• _Dataset extract_
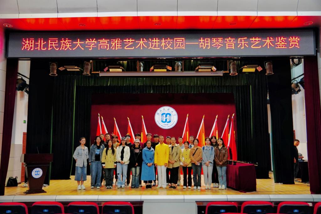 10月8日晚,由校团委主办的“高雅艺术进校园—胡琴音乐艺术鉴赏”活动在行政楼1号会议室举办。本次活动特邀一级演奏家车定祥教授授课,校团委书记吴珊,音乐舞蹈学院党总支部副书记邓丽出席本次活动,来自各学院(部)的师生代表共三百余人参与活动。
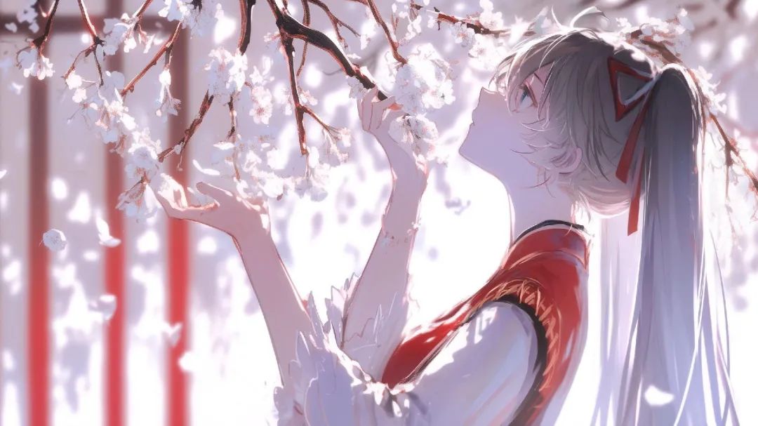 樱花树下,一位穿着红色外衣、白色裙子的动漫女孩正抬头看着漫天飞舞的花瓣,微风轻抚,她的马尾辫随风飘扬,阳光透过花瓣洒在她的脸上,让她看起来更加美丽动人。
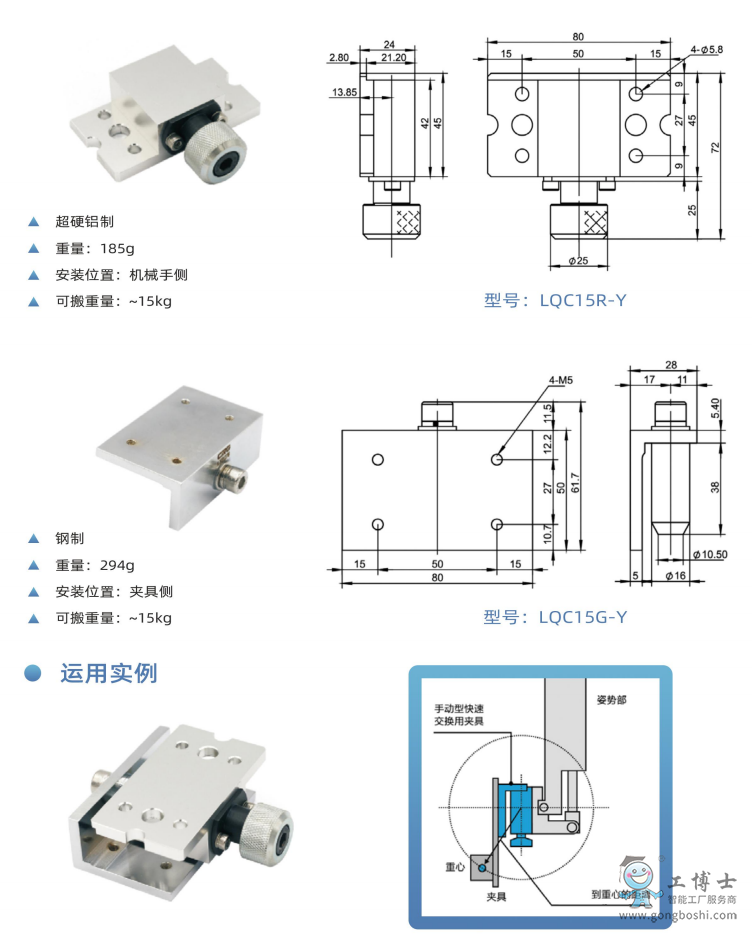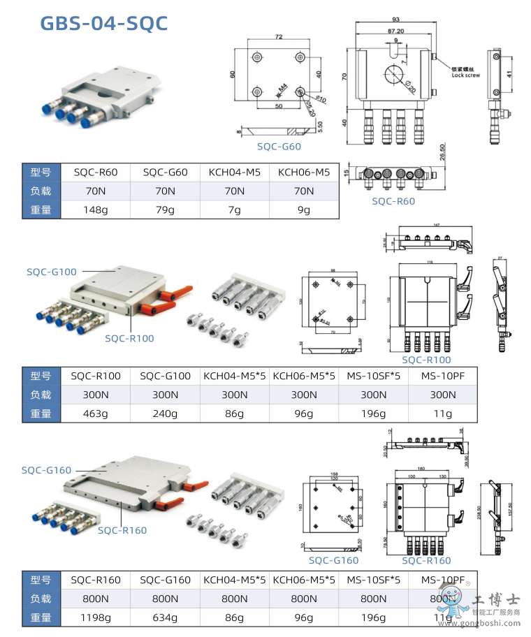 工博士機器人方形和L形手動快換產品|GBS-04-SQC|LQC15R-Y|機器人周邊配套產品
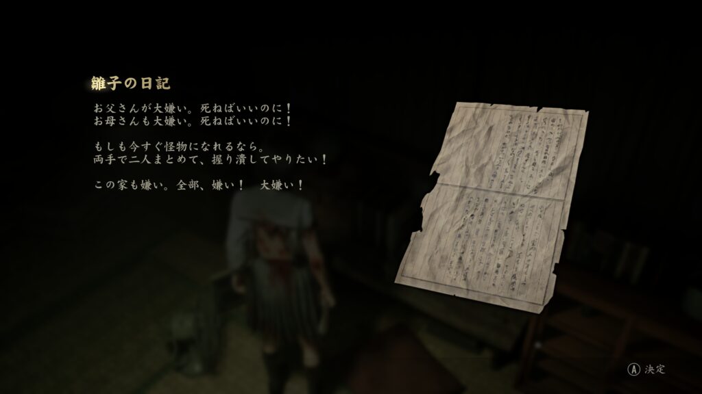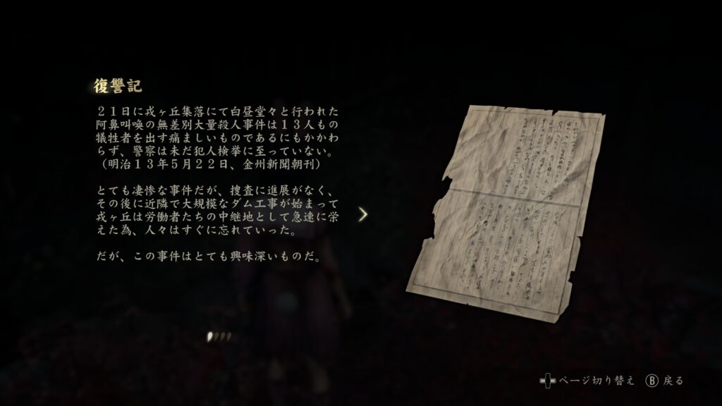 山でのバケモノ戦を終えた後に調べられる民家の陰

• _Exercise goal_
Copy out the lines above in full and unaltered, apart from the pictures.

• _Exercise output_
 10月8日晚,由校团委主办的“高雅艺术进校园—胡琴音乐艺术鉴赏”活动在行政楼1号会议室举办。本次活动特邀一级演奏家车定祥教授授课,校团委书记吴珊,音乐舞蹈学院党总支部副书记邓丽出席本次活动,来自各学院(部)的师生代表共三百余人参与活动。
 樱花树下,一位穿着红色外衣、白色裙子的动漫女孩正抬头看着漫天飞舞的花瓣,微风轻抚,她的马尾辫随风飘扬,阳光透过花瓣洒在她的脸上,让她看起来更加美丽动人。
 工博士機器人方形和L形手動快換產品|GBS-04-SQC|LQC15R-Y|機器人周邊配套產品
 山でのバケモノ戦を終えた後に調べられる民家の陰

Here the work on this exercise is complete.